Abstract:
A remanufactured laser printer toner cartridge incorporates a used doctor blade and/or a used wiper blade. The used doctor blade has been adapted and oriented to make contact with a developer roller or a magnetic roller along a previously unused portion of the doctor blade&#39;s metering surface to utilize a new fresh metering surface. The used wiper blade has been adapted and oriented to make contact with a photoconductive drum along a previously unused portion of the wiper blade&#39;s wiping surface to utilize a new fresh wiping surface. The invention extends the effective life of doctor blades and wiper blades by utilizing previously unused working surfaces. 

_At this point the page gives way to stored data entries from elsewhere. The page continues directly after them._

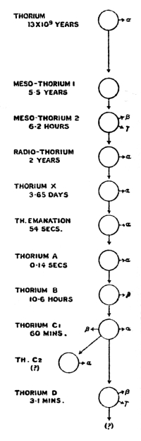 Hence the actual production of α-particles or helium atoms from thorium is only 0·325/1·25 = 0·26 of that of uranium. Experimental determinations 0·23 (Strutt, 1910), 0·27 (Rutherford and Geiger, 1910). [Pg 179]
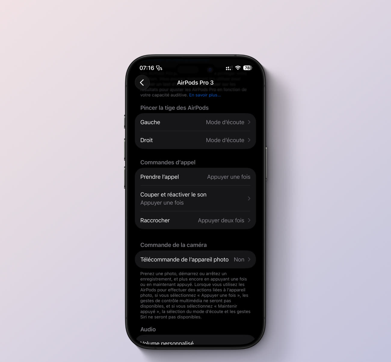 C'est ici que vous pouvez moduler l'expérience selon vos habitudes via les réglages de l'iPhone. Un appui prolongé sur la tige peut, au choix :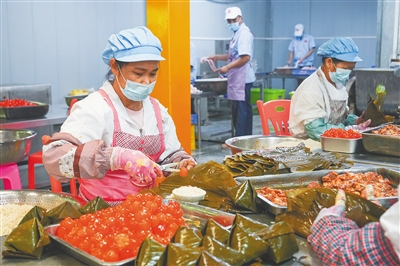 五月二十二日,后坡村永瑞味坊食品加工厂工作人员在裹粽子。本报记者 武威 摄

     It is emphasized that this abstract is provided to comply with the rules requiring an abstract that will allow a searcher or other reader to quickly ascertain the subject matter of the technical disclosure. It is submitted with the understanding that it will not to be used to interpret or limit the scope or meaning of the claims.

Description:
TECHNICAL FIELD 
   The present invention relates to the field of laser printing toner cartridge remanufacture in which cartridge components such as the wiper blade and/or doctor blade are modified to permit a previously unused working surface of the blade to be utilized. The present invention finds particular application in the remanufacturing industry. 
   BACKGROUND ART 
   Among the numerous types of engineered containers manufactured to a high degree of precision common in modern industry, are, for example, toner cartridges for laser printing. In the case of toner cartridges, a high degree of precision in manufacture is necessary for proper operation and good printed image quality. Toner or process cartridges manufactured by original equipment manufacturers typically have new components including the wiper blade and/or doctor blade, depending upon the type of process employed. Similarly, remanufactured toner cartridges typically have aftermarket wiper blades and/or doctor blades. 
   In a so called laser printing device, laser light “paints” a latent image on a charged rotating photoconductive drum by altering the charge distribution on the surface of the photoconductive drum such that the photoconductive drum attracts charged toner particles to only that portion of its surface having the latent image. The charged toner particles are subsequently transferred from the charged rotating photoconductive drum to a medium such as paper. Thereafter, as the photoconductive drum continues to rotate, any residual toner particles remaining on the photoconductive drum are removed by a wiper blade to assure that the photoconductive drum surface is clean for receipt of the next image. The wiper blade typically has a flexible polymeric working surface that contacts the surface of the rotating photoconductive drum. In the course of the working life of the cartridge, before the supply of toner is exhausted, the surface of the wiper blade in contact with the rotating photoconductive drum wears or erodes reducing the efficiency of the wiper blade to remove residual toner. This wear or erosion of the working surface of the wiper blade eventually will permit residual toner particles to remain on the photoconductive drum through the next image “painting” cycle thus degrading the quality of the next printed image. Heretofore, it has been necessary for a remanufacturer to replace the wiper blade to achieve good printed image quality over the work cycle (i.e., consumption of the entire toner supply of the cartridge) of a remanufactured toner cartridge. 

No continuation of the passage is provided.